Omit all pictures, then retype exactly the lines from the one that contains "When Grandma Grace" through the end of the listing.

▶ **Stored data**
┏━━

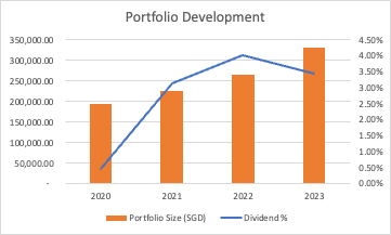 那回到股票, 2023年股票组合有了很大 增长, 跟2022年比起来, 从收入储存进去的组合达到了SGD75k。 把总资产提升到SGD 330k. 当然,这有很大的一部分是因为橱窗的效应,因为在2023年我的产托的组合遭受到相当大的冲击。
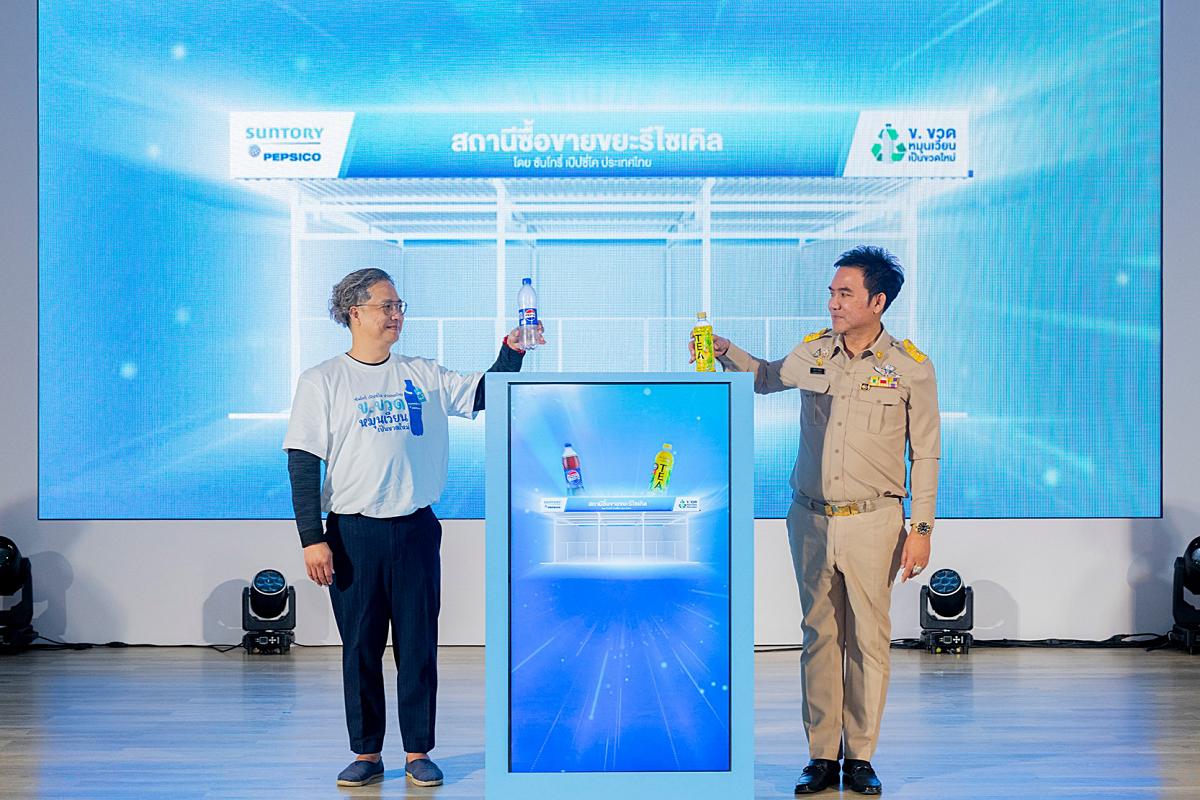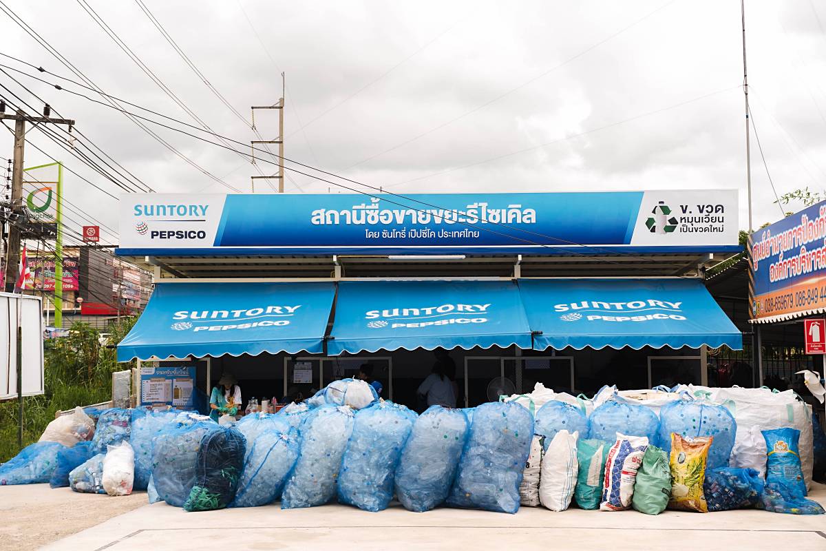 บริษัท ซันโทรี่ เป๊ปซี่โค เบเวอเรจ (ประเทศไทย) จำกัด ผู้ผลิตและจัดจำหน่ายเครื่องดื่มภายใต้ตราสินค้าของซันโทรี่และเป๊ปซี่โคในประเทศไทย วางเป้าหมายสำคัญในการขับเคลื่อนโมเดล ‘สถานีซื้อขายขยะรีไซเคิล’ ผ่าน 3 มิติ สำคัญ คือ 1. มุ่ง ‘ลด’ ปริมาณขยะไปสู่หลุมฝังกลบ 2. ‘เพิ่ม‘ ปริมาณและคุณภาพของขยะรีไซเคิลให้กลับเข้าสู่ระบบ โดยเฉพาะขวดพลาสติก PET ใส ไม่มีสี และ 3. ‘สร้าง‘ รายได้จากการคัดแยกและซื้อขายขยะหมุนเวียนในชุมชน พร้อมปลูกฝังพฤติกรรมการคัดแยกขยะตั้งแต่ต้นทางแก่เยาวชนในพื้นที่ เพื่อผลักดันให้เกิดการจัดการขยะรีไซเคิลอย่างมีประสิทธิภาพและยั่งยืน
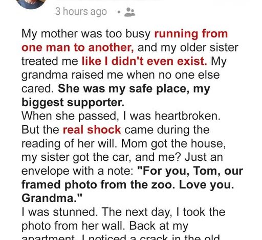 When Grandma Grace died, Mom took the house, my sister the car, and I got one framed photo: us at the zoo when I was six. Hurt, I almost discarded it—until a crack revealed an envelope with stock certificates, deeds, and a brass key: “For when you’re ready.”
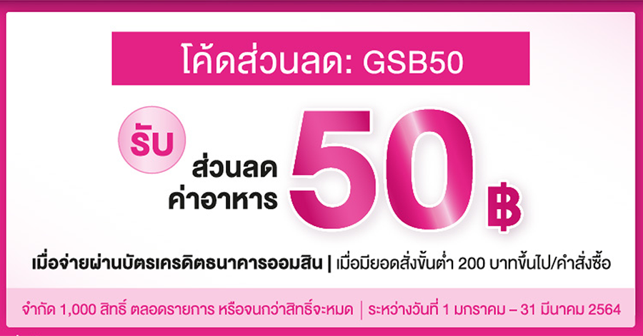 2. ผู้ถือบัตรกรอกรหัสส่วนลด GSB50 ในช่องรหัสส่วนลด และเลือกวิธีการชำระเงินผ่านบัตรเครดิตธนาคารออมสิน ก่อนทำการสั่งซื้อ ชำระค่าอาหาร สำหรับบริการสั่งอาหาร เท่านั้น

┗━━

▶ **Output of the task**
 When Grandma Grace died, Mom took the house, my sister the car, and I got one framed photo: us at the zoo when I was six. Hurt, I almost discarded it—until a crack revealed an envelope with stock certificates, deeds, and a brass key: “For when you’re ready.”
 2. ผู้ถือบัตรกรอกรหัสส่วนลด GSB50 ในช่องรหัสส่วนลด และเลือกวิธีการชำระเงินผ่านบัตรเครดิตธนาคารออมสิน ก่อนทำการสั่งซื้อ ชำระค่าอาหาร สำหรับบริการสั่งอาหาร เท่านั้น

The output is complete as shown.